Димитров уже знал, что вскоре ему предстоит заняться не совсем привычным делом. ИККИ назначил его координатором антивоенного конгресса, куда предполагалось пригласить политических и общественных деятелей, учёных и писателей, готовых выступить в защиту мира, против новой империалистической войны. В Советском Союзе полным ходом шли интенсивные экономические и социальные преобразования, государство нуждалось в международном признании и технической помощи со стороны Запада. Не только солидарность пролетариата, но и моральная поддержка интеллигенции, сочувствующей социализму и левым идеям, должны были создать благоприятный общественный климат для ускоренного социалистического строительства и экономического сотрудничества СССР с капиталистическими странами.

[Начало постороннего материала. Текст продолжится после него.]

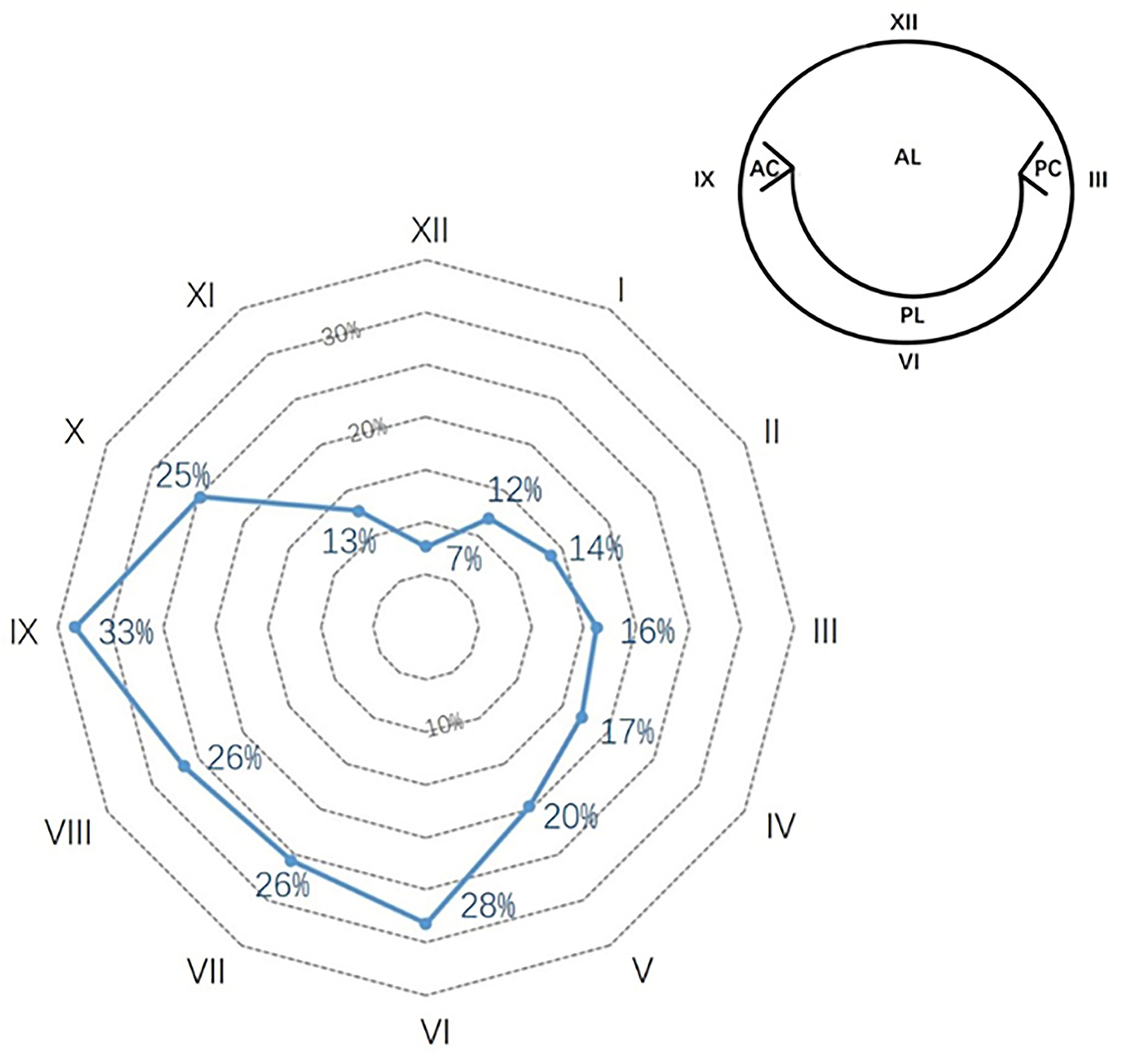 Detailed documentation of perivalvular leakage was available for 109 (93% of PVL group). Figure 2 illustrates the distribution of perivalvular leakage illustrated by the clock position on a radar chart. Eighty-one patients (74% of PVL records) had more than one point of lesion. The most susceptible regions appeared from six to ten o'clock, with a prevalence of no <25%.

В середине июня 1932 года, когда Димитров возвратился из отпуска в Москву, Исполком Коминтерна утвердил повестку дня и финансирование конгресса. После этого можно было уезжать «домой» — в задымленный и душный Берлин. День накануне отъезда был по обыкновению переполнен делами; в «Люкс» он возвратился поздно вечером, побывав в лечебнице у Любы. Профессор Макушкин был с ним откровенен: надежд на её возвращение к нормальной жизни нет.
На Силезском вокзале Берлина Гельмута встретил сотрудник ВЕБ Франц — улыбчивый и ловкий Вилли Хюнеке. Он подхватил чемодан и устремился к стоянке такси, чтобы отвезти Гельмута на новую квартиру в Целлендорфе. На ходу сообщал новости. Правительство Папена открыто поощряет нацистов; военный министр Шлейхер заключил с Гитлером соглашение о поддержке кабинета; штурмовиков теперь называют не погромщиками, а «здоровым движением германской молодёжи».
Первоначальный замысел провести антивоенный конгресс в Женеве осуществить не удалось из-за несогласия швейцарских властей. Тогда Гельмут предложил Амстердам. Зная страну и город, он был уверен, что проблем с разрешением не будет. Так и произошло. Согласовали сроки конгресса, 27–29 августа, и Димитров отправился в большую поездку по Европе.
Первая мировая война и послевоенный кризис вызвали настоящий переворот в умах европейцев. У одних обострилось желание реванша, другие осознали, что XX век породил новый тип войн, которые несут массовую гибель людей военных и гражданских, разорение хозяйства, крушение моральных устоев и деградацию культуры. Названия четырёх самых знаменитых романов о той войне свидетельствуют, что она воспринималась современниками отнюдь не в героическом, а в трагическом свете. Это «Огонь» Анри Барбюса, «Смерть героя» Ричарда Олдингтона, «Прощай, оружие!» Эрнеста Хемингуэя и «На Западном фронте без перемен» Эриха Ремарка.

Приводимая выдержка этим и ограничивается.